§ EXERCISE INPUTS
================

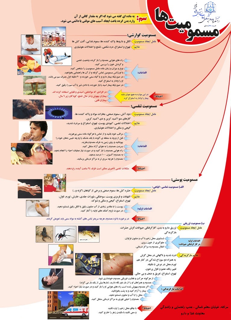 چهارشنبه پنجم آبان ۱۴۰۰: پیشگیری از بروز مسمومیت با سموم دفع آفات نباتی، مواد شیمیایی (شامل: اسید، قلیا و شوینده های خانگی، فرآورده های نفتی، فلزات سنگین مانند سرب، جیوه و باتری مینیاتوری)
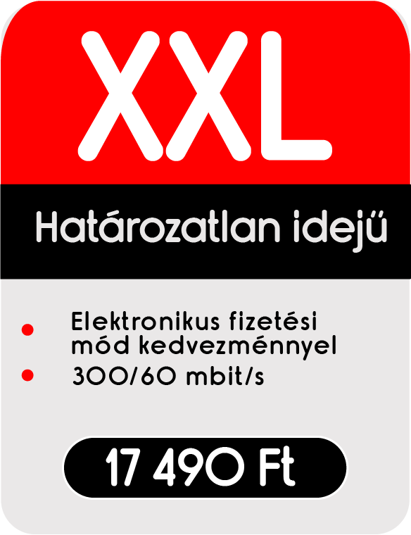 Az árak 1 500 Ft/hó fizetési mód kedvezményt tartalmaznak. Átutalással vagy csoportos beszedési megbízással kiegyenlített, és e-mailben küldött PDF formátumú számla esetén. Amennyiben mégis a hagyományos csekkes fizetési módot választja, úgy az 1 500 Ft fizetési mód kedvezményt nem tudjuk biztosítani.
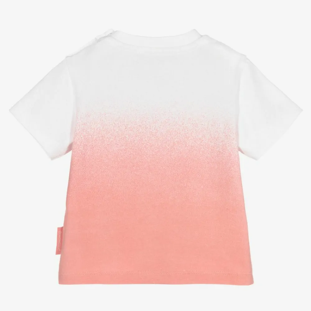 Cute and casual white and pink T-shirt for baby girls, by luxury French brand Moncler Enfant. Made in soft cotton jersey, it has the brand's signature logo printed on the front in white, and popper fastenings on one shoulder.
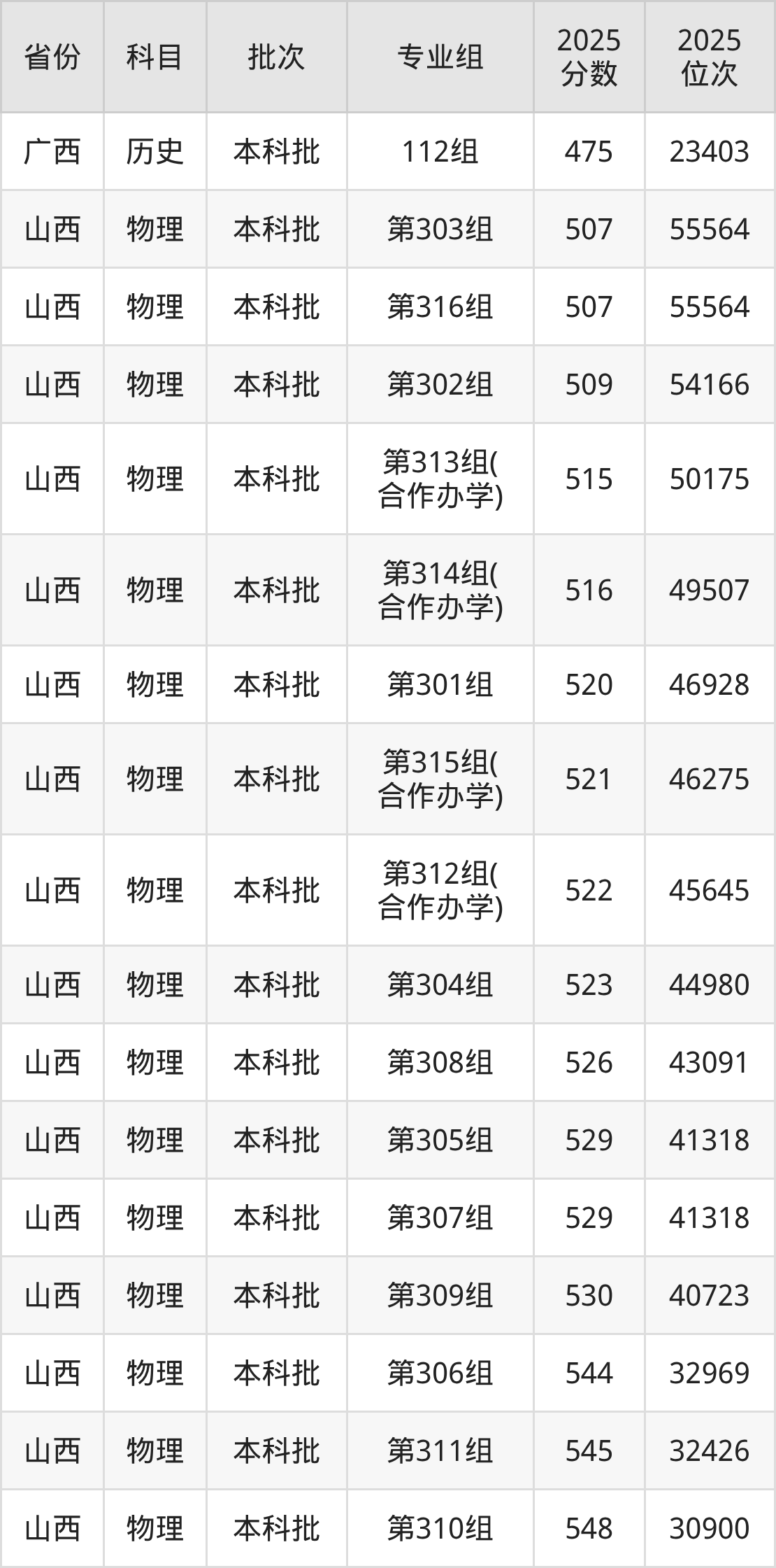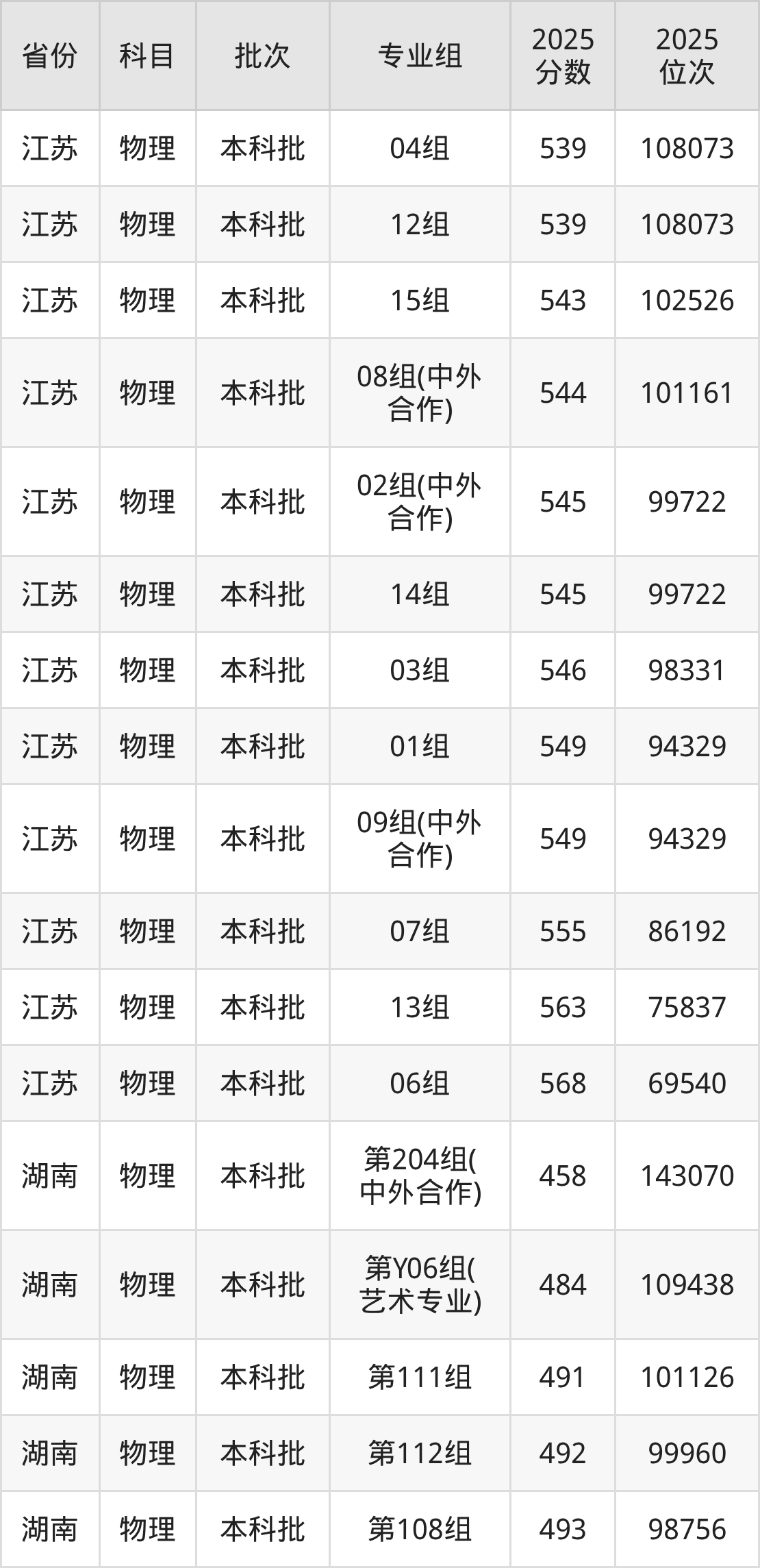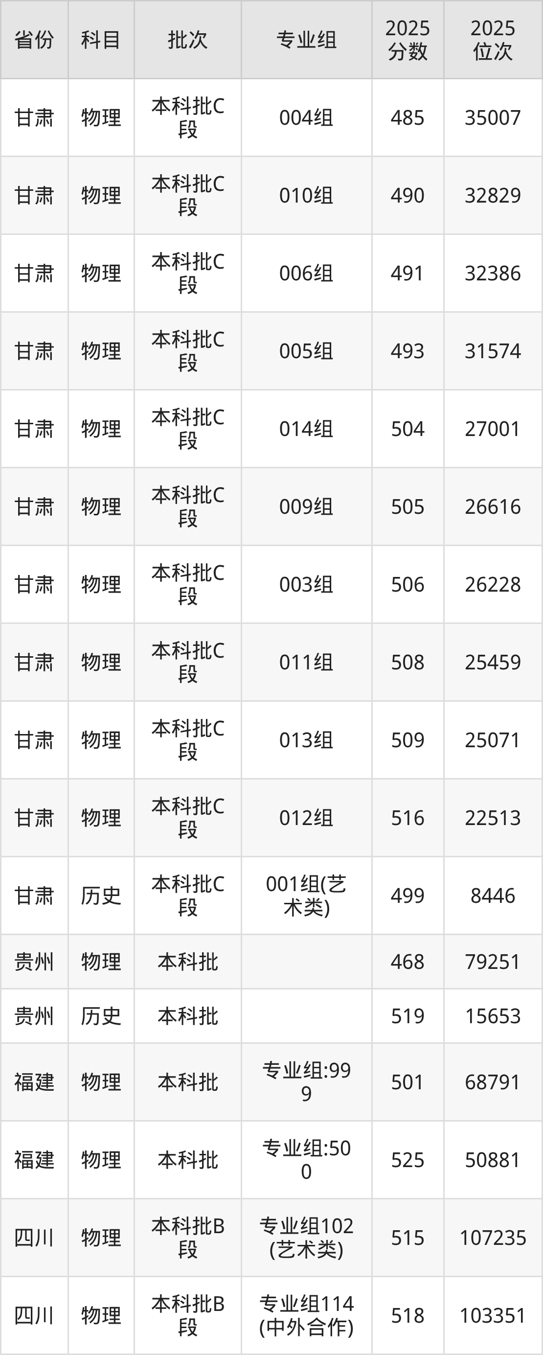 2025年在本科物理类进行招生,各专业组分数线详情如下:
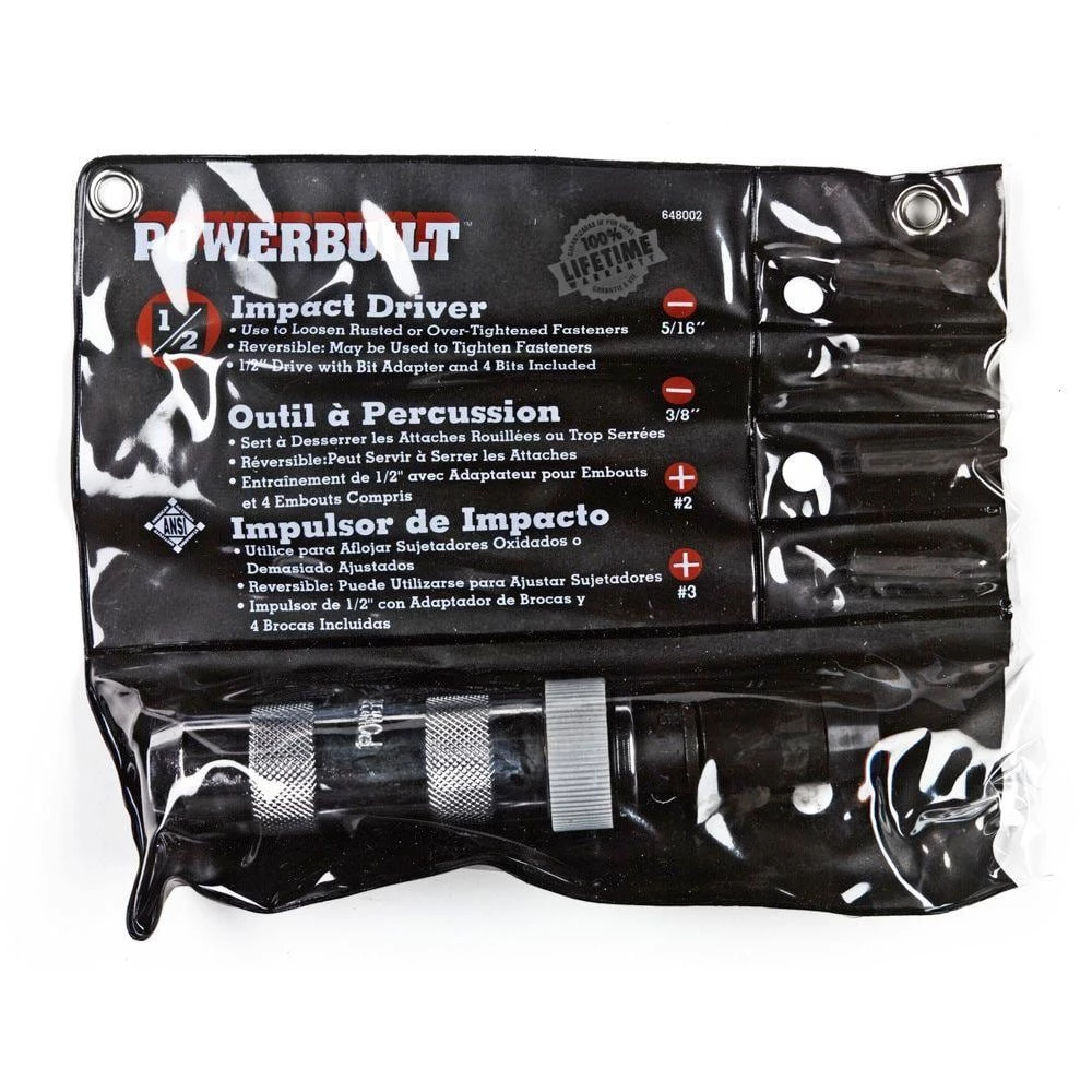 For some tools, there is no substitute. An impact screwdriver is one of those tools. It’s the only tool that will reliably loosen rusted, frozen and rounded screws. Simply load the correct size slotted or Philips bit, set the driver on the screw and strike the driver handle with a hammer. Kits includes 4 driver bits and a storage pouch.
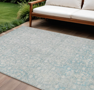 10' X 14' Aqua Blue And Silver Floral Washable Indoor Outdoor Area Rug
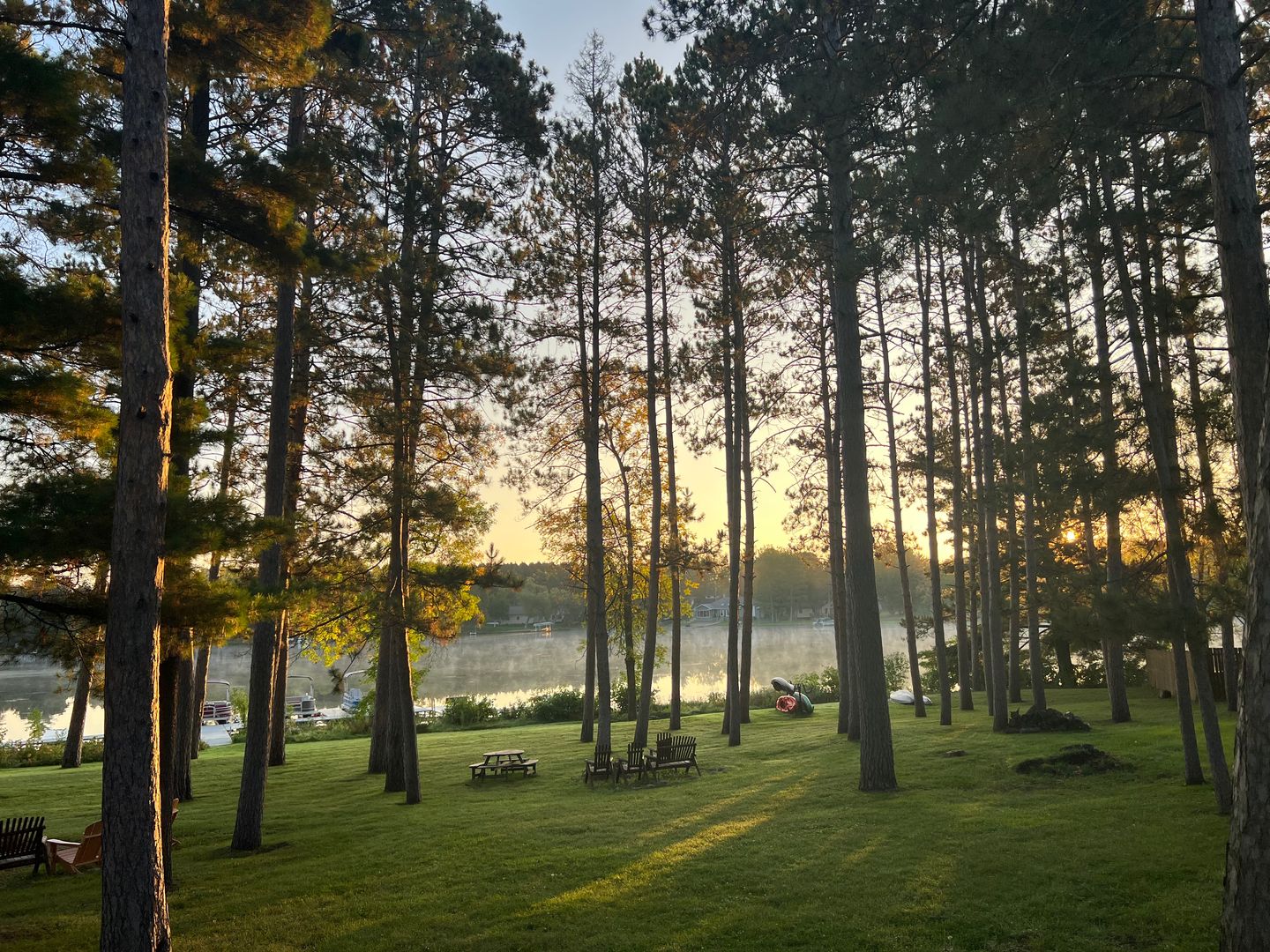 Beautiful sunrise views and water front access on the Fish Hook River. Towering mature Norway Pines and spacious park-like setting. All new construction. Large two car direct access garage with slab heat. Single family home with no common walls in a professionally managed planned unit development community. The best of lake front living without the maintenance hassles.

================

§ EXERCISE GOAL
All of the entries above are to be restated word for word, minus the images.

§ ANSWER SECTION
 چهارشنبه پنجم آبان ۱۴۰۰: پیشگیری از بروز مسمومیت با سموم دفع آفات نباتی، مواد شیمیایی (شامل: اسید، قلیا و شوینده های خانگی، فرآورده های نفتی، فلزات سنگین مانند سرب، جیوه و باتری مینیاتوری)
 Az árak 1 500 Ft/hó fizetési mód kedvezményt tartalmaznak. Átutalással vagy csoportos beszedési megbízással kiegyenlített, és e-mailben küldött PDF formátumú számla esetén. Amennyiben mégis a hagyományos csekkes fizetési módot választja, úgy az 1 500 Ft fizetési mód kedvezményt nem tudjuk biztosítani.
 Cute and casual white and pink T-shirt for baby girls, by luxury French brand Moncler Enfant. Made in soft cotton jersey, it has the brand's signature logo printed on the front in white, and popper fastenings on one shoulder.
 2025年在本科物理类进行招生,各专业组分数线详情如下:
 For some tools, there is no substitute. An impact screwdriver is one of those tools. It’s the only tool that will reliably loosen rusted, frozen and rounded screws. Simply load the correct size slotted or Philips bit, set the driver on the screw and strike the driver handle with a hammer. Kits includes 4 driver bits and a storage pouch.
 10' X 14' Aqua Blue And Silver Floral Washable Indoor Outdoor Area Rug
 Beautiful sunrise views and water front access on the Fish Hook River. Towering mature Norway Pines and spacious park-like setting. All new construction. Large two car direct access garage with slab heat. Single family home with no common walls in a professionally managed planned unit development community. The best of lake front living without the maintenance hassles.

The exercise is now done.